1. The reasonable return to ensure the quality

Most fair trade products are produced in third world countries, which will give the public the illusion that the quality produced is inferior, but in fact, under the fair trade system, the income of small farmers is guaranteed, and they have the resources to improve the quality of agricultural products. To ensure that small farmers can have reasonable returns and to ensure certain quality of agricultural products.

 

2. Committed to protecting the environment

The process of a product reaching you is very complicated. The price on the product contains more than one number of information. The reason behind the same price may be completely different. The expensive price may include excessive packaging, excessive profits, and high shelf fees. 3. Advertising costs are passed on; low prices may have paid the difference for you from hidden costs, including the invisible social and health costs of using fertilizers, damaging the environment, choosing inferior raw materials, poor hygiene, and exploiting labor.

 

The fair trade operation model emphasizes environmental sustainability and is destined to have higher costs. The “expensive” part of this is precisely the invisible social costs and health costs.

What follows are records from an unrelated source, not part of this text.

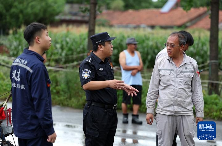 8月1日,丹东市太平湾边境派出所所长刘莹和国网电力抢修人员交流供电恢复情况。新华社记者 姚剑锋 摄
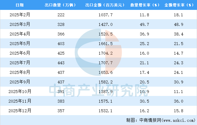 2025年12月中国摩托车出口量及金额增长情况
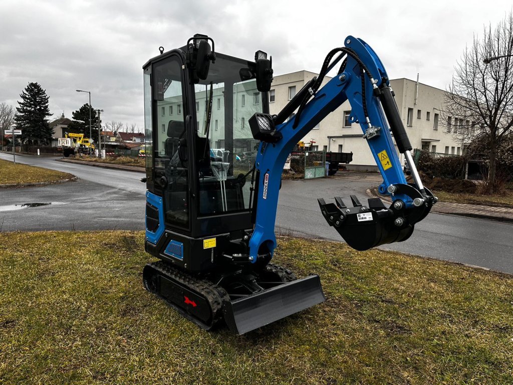 Široká škála příslušenství: K minibagru je k dispozici bohaté příslušenství, včetně lžic různých šířek (20, 40, 60, 80 cm), půdních vrtáků (20, 30 cm), bouracího kladiva, rýpacího trnu, kleští a rychloupínáku, což zvyšuje jeho univerzálnost.
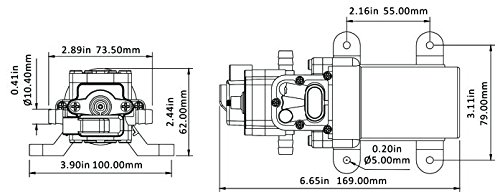 -. Feature : On-demand, automatic water pump for small boats, campers and / Built-in 35 PSI(2.4 BAR) pressure switch for automatic stop/start / Self-P.R.Iming allows it to be mounted above tank; able to run dry / Quiet operation; 3/8-inch hose barb ports / 1.2 gallons per minute (4.3 liters per minute); 2.0 Max Amps
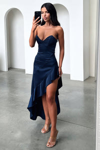 Let the Leora Maxi Dress be the star of your next special event! This fabulous frock features a structured top with boning, a frilly hem, and an invisible back zipper — just add a pair of strappy heels and you'll be ready to go! Perfect for making a statement that won't be forgotten!
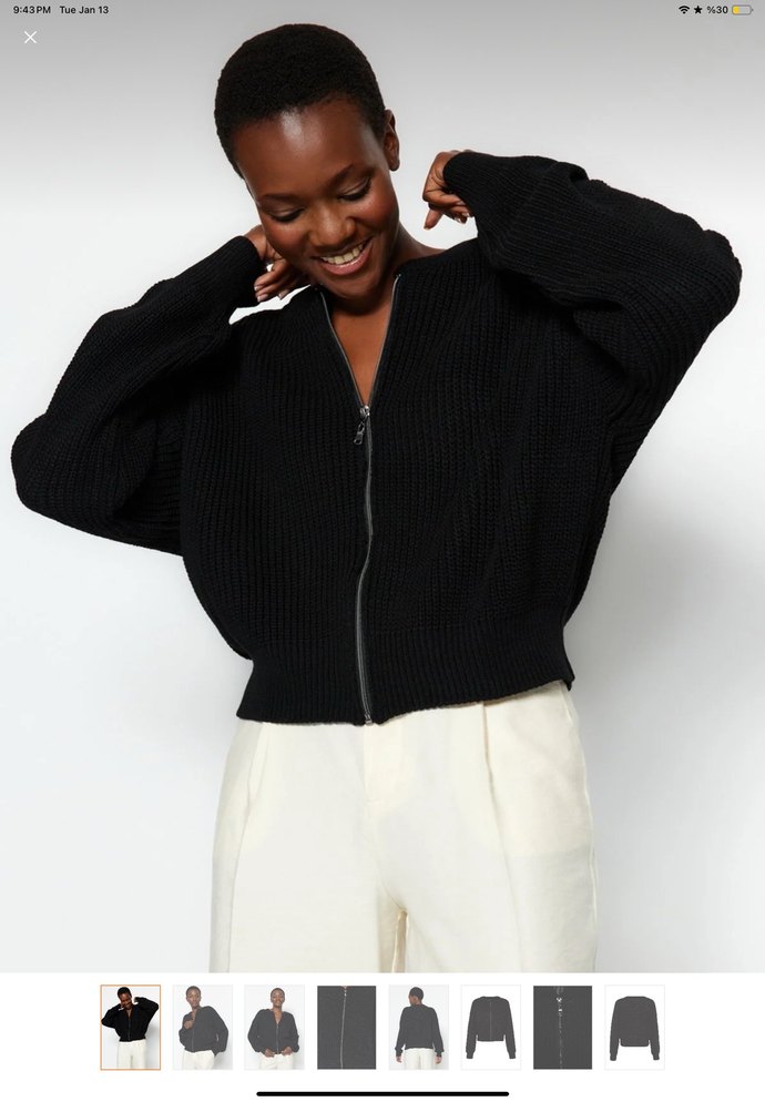 Siyah örgü hırka, uzun kollu. Bol kesimi ve fermuarlı önüyle günlük rahatlık sunar. Midi boyda, sokak stiline uygun bir parça.
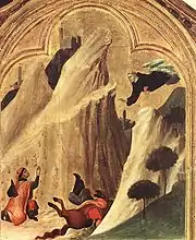 - L’accident du chevalier tombé dans un ravin (en haut)
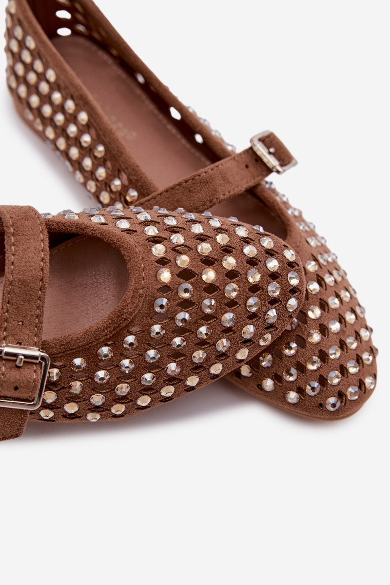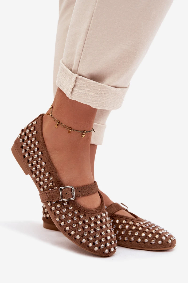 Dámské baleríny s otevřeným vzorem s kamínky a páskem Hnědé Wilvessa

3. Small production scale, and every product is treated with care

Fair trade products are still a minority in the market, and currently only account for 1% of global physical commodities. Most producers adopt the simplest small-scale production mode, and the relative production time and cost are relatively high. If the demand for fair trade products can gradually increase in the future and reach economies of scale, prices will naturally decrease.

 

In fact, the price of fair trade products does have a downward trend. For example, in 2003, fair trade coffee was about one pound more expensive than average coffee, but now it is only about 0.1 pound more expensive.

 

The farmers of the Third World seem to be very far away from us, but in fact, our daily necessities are closely related to them under globalization, so participating in the fair trade movement is not only to protect producers, protect the environment, to join and expand the fair trade market and ideas, but also to love ourselves An option.